# WHAT IS BEING ASKED
Write out the entries below exactly, starting at the first line and stopping after the line that contains "O símbolo de"; skip all pictures.
**** GIVEN INFORMATION
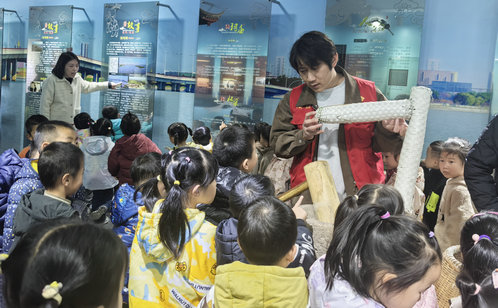 在“巾幗”志愿者的引導下,孩子們認識了蝦籠、魚叉、蓑衣、櫓槳等傳統漁具,“紅色管家”志愿者用生動語言為他們講解:“黃鱔喜歡鉆洞,鱔籠的入口有倒須,黃鱔游進去就出不來啦。”隨后,展廳后方一艘深褐色的木質漁船成為全場焦點。“這是按老漁船比例制作的模型,船尾放漁具,船舷有栓孔固定漁網。”孩子們圍聚一堂,聚精會神地聽著。通過觸摸老物件、聆聽生動的故事,孩子們在親近本土文化的同時,更建立起對漁耕文化的直觀認同。
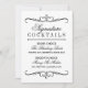 O símbolo de assinatura de casamento elegante apresenta receitas de bebida personalizadas para a noiva e noiva enquadradas por elementos de design de rolagem decorativa. Esquema clássico de cores preto e branco. Pronto para personalizar o seu evento.
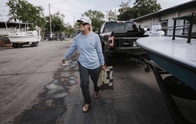 Her infectious, rumbling laugh rings out across the boat launch, but she doesn’t need that to identify her — how many other 5’0” blonde female captains do you see ripping around in a flat skiff guiding saltwater fishing trips, or hauling out their DECKED gear cases full of rods and lures at zero-dark-thirty?
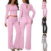 Women's Pants Suits Long Sleeve Long Round Neck Short Top + Straight Pants
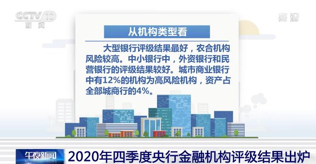 央视网消息:中国人民银行23日表示,2020年四季度,人民银行完成了对4399家银行业金融机构的央行评级,评级结果总体稳定,大部分机构评级结果在安全边界内,“红区”高风险机构数量显著下降。
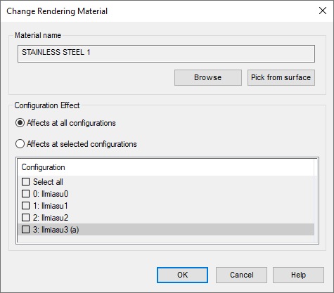 - Affects at selected configurations if you want to define individual rendering materials for configurations.
********
# TASK RESPONSE
 在“巾幗”志愿者的引導下,孩子們認識了蝦籠、魚叉、蓑衣、櫓槳等傳統漁具,“紅色管家”志愿者用生動語言為他們講解:“黃鱔喜歡鉆洞,鱔籠的入口有倒須,黃鱔游進去就出不來啦。”隨后,展廳后方一艘深褐色的木質漁船成為全場焦點。“這是按老漁船比例制作的模型,船尾放漁具,船舷有栓孔固定漁網。”孩子們圍聚一堂,聚精會神地聽著。通過觸摸老物件、聆聽生動的故事,孩子們在親近本土文化的同時,更建立起對漁耕文化的直觀認同。
 O símbolo de assinatura de casamento elegante apresenta receitas de bebida personalizadas para a noiva e noiva enquadradas por elementos de design de rolagem decorativa. Esquema clássico de cores preto e branco. Pronto para personalizar o seu evento.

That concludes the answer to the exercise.